# Nativer bzw. direkter Zugriff auf Active Directory



## Grizzly (25. Sep 2012)

Hallo zusammen, 

unsere Software kann aktuell per LDAP an ein Active Directory angebunden. Das funktioniert soweit auch wunderbar. Allerdings ist das meistens ziemlich umständlich zu konfigurieren, so dass viele unserer Kunden das gar nicht ohne Hilfe hinbekommen.

Nun ist die Frage, ob es auch eine alternative dazu gibt sprich ob man das AD auch direkt ansprechen kann - möglichst auch von einer Linux Maschine raus.

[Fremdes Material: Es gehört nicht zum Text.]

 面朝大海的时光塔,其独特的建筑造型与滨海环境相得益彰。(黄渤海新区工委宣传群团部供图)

In einem Blog habe ich diesen Artikel gefunden: Connecting to Active Directory in Java: Still a Sorry State of Affairs  Nick Watts’ Weblog
Der macht nicht gerade Mut.  Und es war auch das einzig verwertbare, was Google von sich gegeben hat. In allen anderen Fällen wird die Sache über LDAP gelöst.


----------



## hexx (25. Sep 2012)

Eine plattform-unabhängie ADSI Bilbliothek gibt es meines Wissens nicht. Wenn du darauf abzielst.

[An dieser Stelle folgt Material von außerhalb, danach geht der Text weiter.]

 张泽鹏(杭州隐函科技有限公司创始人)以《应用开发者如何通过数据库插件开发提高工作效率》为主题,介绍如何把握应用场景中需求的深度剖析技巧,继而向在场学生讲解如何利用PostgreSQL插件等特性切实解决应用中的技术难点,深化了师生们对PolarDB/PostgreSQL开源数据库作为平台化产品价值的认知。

Was ist denn an der Konfiguration so umständlich?


----------



## Grizzly (25. Sep 2012)

Unsere Erfahrung zeigt, dass die meistens Administratoren gerade noch so eben und eben Ihr AD kennen. LDAP haben die aber noch nie gehört. Und wenn es dann an Base-DN und Benutzer-DN geht, ist bei denen Ende Gelände. Da wäre es halt einfacher, wenn die ihren Windows Benutzer inkl. Domäne eingeben und fertig. Das wissen die meisten immerhin.


----------



## hexx (25. Sep 2012)

Je nach dem, was für eine Applikation das ist, kann man die Konfiguration automatisieren:

Die IP-Adresse des LDAP Servers steht im DNS [1]. Damit kann man sich mit dem Server verbinden und den rootDSE [2] erfragen. Speziell das Attribut namingContexts bzw. defaultNamingContext.

Wenn die Konfiguration über GUI läuft, kann man dann den Verzeichnisbaum anzeigen und den Benutzer auswählen lassen. 

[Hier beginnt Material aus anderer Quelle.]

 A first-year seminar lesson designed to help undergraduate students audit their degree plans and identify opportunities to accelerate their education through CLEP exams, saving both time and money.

Wenn man Kerberos benutzt, kommt man u. U. sogar ohne Benutzername un PW aus.

[1] Glenn Weadock on Windows Server 2008: SRV Records and Active Directory
[2] RootDSE


----------



## Grizzly (26. Sep 2012)

Danke, hexx, für die Antwort. Ich habe das mal mit einem Kollegen überflogen und das sieht nicht schlecht aus. Kerberos haben wir schon implementiert. Der Rest sollte dann eigentlich kein Problem sein.


----------